The NZNO, she said, had “told nurses to go and vote for Labour because we were going to be heard, and a lot of nurses did vote for Labour, and now we’ve been slapped in the face again.”
She was scathing of the NZNO for pushing through the sellout agreement and noted that while the union said 64 percent of members voted in favour, it had not released the actual voting numbers. Most co-workers she had spoken to voted against the deal, which was virtually identical to two offers they previously rejected.
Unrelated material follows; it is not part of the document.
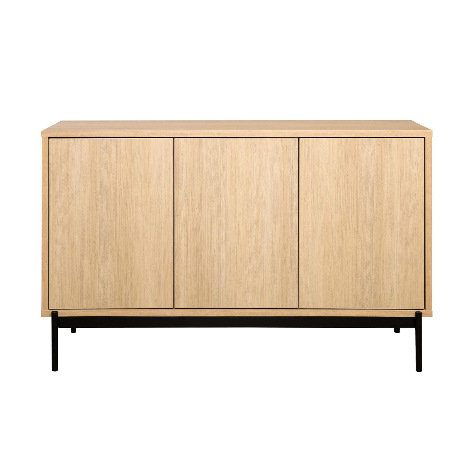 Suomessa valmistettu Niitty senkki on todella tyylikäs säilytysratkaisu niin olohuoneeseen, keittiöön kuin muihinkin kodin tiloihin. Senkissä on kolme tilavaa kaappia, joten senkki tuo mukavasti säilytystilaa erilaisille kodin tavaroille. Jokaisen kaapin sisällä on yksi korkeussäädettävä hylly. Vetimettömät ovet toimivat ponnahdusmekanismilla, jossa oven reunaa painetaan hellästi oven avatakseen. Niitty senkin väriksi voi valita joko kuvan hiekkatammen, pähkinän, valkoisen tai greigen sävyn. Hiekkatammen ja pähkinän sävyisissä tasoissa on kauniin luonnollinen puunsyykuviointi. Selkeälinjaisen, ilmavan ja ajattoman muotoilun ansiosta senkki on helppo yhdistää niin moderniin kuin perinteiseen tyyliin. Senkin alle taas voi valita kuvassa näkyvät mustat metallijalat tai lipaston voi tilata ilman jalkoja, jolloin senkki kiinnitetään suoraan seinään. Niitty senkistä saa helposti luotua juuri omaan kotiin sopivan. Tilaa Kauhajoella valmistettu Niitty senkki 135 cm leveä nyt verkkokaupastamme edullisesti tai tule tutustumaan tarkemmin myymälässämme! Suosittelemme myös tutustumaan muihin Niitty-tuoteperheen huonekaluihin.

After workers rejected four separate offers and held a one-day strike, the union “couldn’t be bothered to keep going and get what the nurses wanted,” she said. “I think they’re absolute crap. NZNO and the other unions are supposed to be for their members but I believe they weren’t there for their members.
“When it comes to [union officials’] pay rises, it’s not like that goes to a vote from their members. A lot of them are on six figure salaries, whereas we’re struggling. They’re so blasé about everything, and I think it’s because as long as their pockets are getting lined, that’s all they care about.”
The nurse described the NZNO’s staffing arrangements during the July 12 strike as “an absolute joke.” Parts of Middlemore had “more staff than there would be usually”, she said, which “portrayed to the public that the hospital could run just as well with thousands of staff out on strike.”
She also denounced the Public Service Association, New Zealand’s largest union, which has some hospital workers among its members but “just sat on their hands” during the walkout. “There was no push for any of the PSA members to go out there and close down the wards.”
In response to the Socialist Equality Group’s call for the establishment of rank-and-file committees, independent of the unions and democratically controlled by workers themselves, the nurse said: “I think it’s a good idea to try and get an organisation that’s actually going to do something and listen to the members.”
The SEG is holding an online forum on Saturday September 1 to discuss the lessons of the NZNO’s sellout, including the need for rank-and-file committees and for a socialist strategy to unite workers, in New Zealand and internationally, in a political and industrial campaign against austerity.